50. The material according to any one of the preceding claims, wherein the second stimulus is or comprises application of microwave radiation at 72 W, 2.45 GHz.
51. A solvent-free adhesive, the adhesive being a material accoridng to any one of claims 1 to 50.
52. The adhesive according to claim 51, for use in mechanical assemblies, in medical and biomedical systems, in ophthalmic devices, in manufacturing of textiles, garments, and composite fabrics, or for wet-surface adhesion.
53. The adhesive according to claim 51 or 52, for use in electronics, advanced packaging, electric vehicle batteries, automotive and transportation, and in consumer goods.
54. The adhesive according to claim 51, for use in wafer thinning.
55. The adhesive according to claim 51, for use in micro-electro-mechanical systems (MEMS) and sensors.
56. The adhesive according to claim 51, for use in display panels.
57. The adhesive according to claim 51, for use in smartphone devices.
58. The adhesive according to claim 51, for use in bonding batteries.
59. The adhesive according to any one of claims 51 to 58, provided in a liquid form, a gel form, a film form, a tape form, a coating form, or a solid resin form.
60. An adhesive system comprising:-a solvent-free adhesive according to claim 51;-a first stimulant; and-optionally a second stimulant distinct from the first stimulant.
61. A method of bonding two substrates, the method comprising applying a solvent-free adhesive accoridng to claim 51 between the substrates, applying a first stimulus to induce formation of an adhesive network, and optionally applying a second stimulus to cause reversion of the formation of the network and debond the adhesive.
62. The method according to claim 61, wherein the first stimulus is or comprises (i) application of a temperature between 70 and 130 °C; (ii) light irradiation with a light source having a wavelength above 365 or between 365 and 850 nm; (iii) application of ultrasound at a range of 10-20 MHz; (iv) application of acidic conditions at pH values below 6; and (v) treatment with a solvent including high valence ions.

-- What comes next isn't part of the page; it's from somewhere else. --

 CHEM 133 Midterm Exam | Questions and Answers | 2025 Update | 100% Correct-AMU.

63. The method according claim 61, wherein the first stimulus is or comprises irradiation with a light source having a wavelength between 365 and 850 nm or between 365 and 405 nm.

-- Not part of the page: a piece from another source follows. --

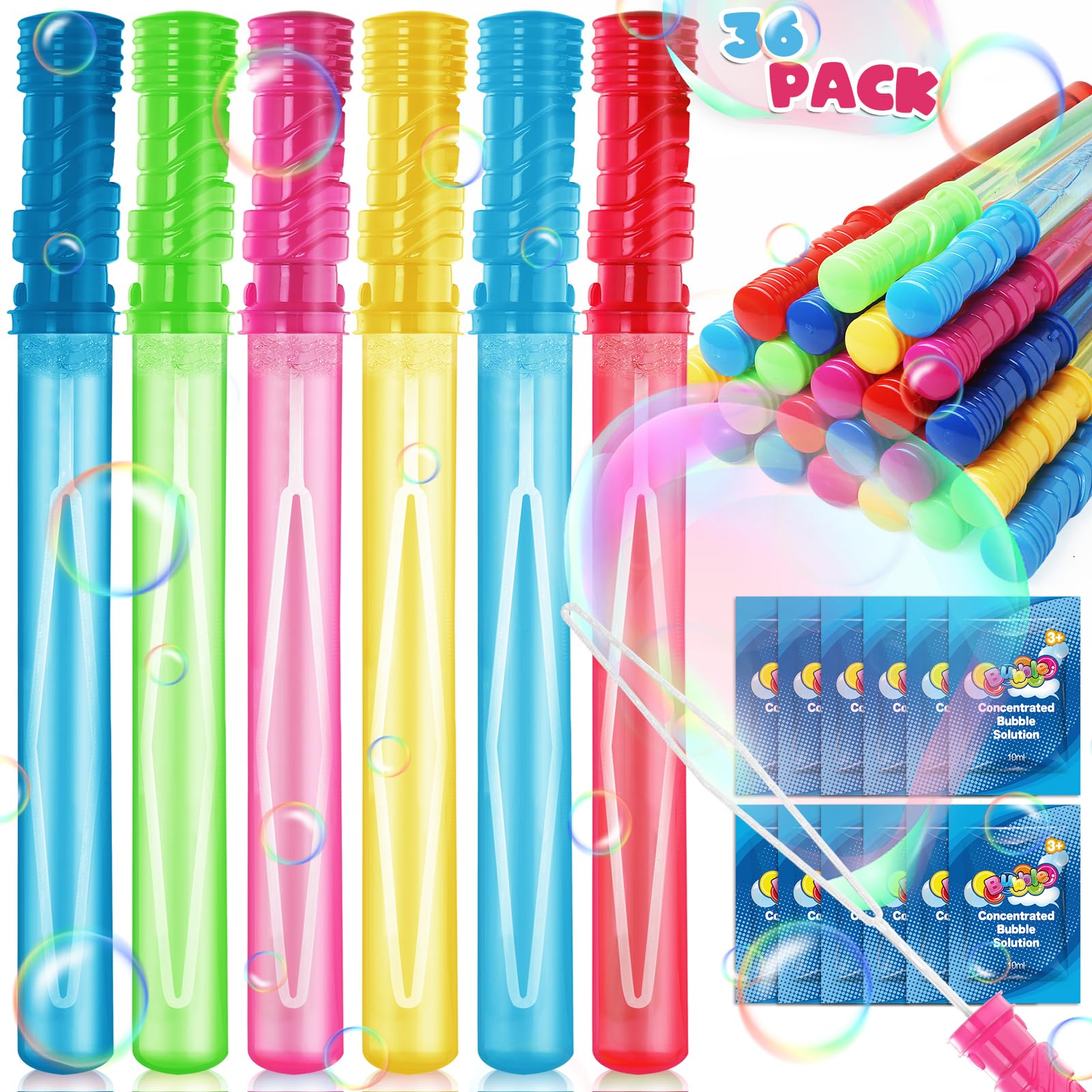 Paquete de 36 varitas de burbujas de 15 pulgadas en 6 colores, varitas de burbujas grandes con 36 soluciones de recarga de burbuja

64. The method according to claim 61, wherein the second stimulus is or comprises (i) application of a temperature between 150 and 200 °C; (ii) light irradiation with light source at a wavelength below or equal to 365 nm; (iii) application of microwave radiation at 72 W, 2.45 GHz;(iv) application of basic conditions at pH above 8, in an aqueous solution; and (v) application of ultrasound above 20MHz.
65. The method according to claim 61, wherein the second stimulus is or comprises application of microwave radiation at 72 W, 2.45 GHz.

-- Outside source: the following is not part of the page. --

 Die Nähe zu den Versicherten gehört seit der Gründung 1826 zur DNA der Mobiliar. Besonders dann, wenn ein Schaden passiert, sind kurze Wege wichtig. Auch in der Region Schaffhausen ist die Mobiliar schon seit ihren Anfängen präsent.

66. An adhesive kit comprising:-a first container containing a solvent-free adhesive accoridng to claim 51;-a second container holding a first stimulant effective to induce formation of an adhesive network; and-optionally a third container holding a second stimulant effective to debond the adhesive;wherein the kit is configured to permit end-user formation and subsequent release of an adhesive bond, andinstructions for applying the adhesive to a substrate, activating the adhesive bond using the first stimulant, and releasing the bond using the second stimulant.
67. The kit according to claim 66, comprising the adhesive as a liquid, a gel, a film, a tape, a coating, or a solid resin.
68. An article comprising two or more substrates bonded by an adhesive accoridng to claim 60, wherein the substrates are separated, repositioned, or rebonded by activating dynamic bond exchange within the adhesive.
69. The article according to claim 68, wherein the adhesive permits repeated cycles of reconfiguration without significant loss of mechanical strength.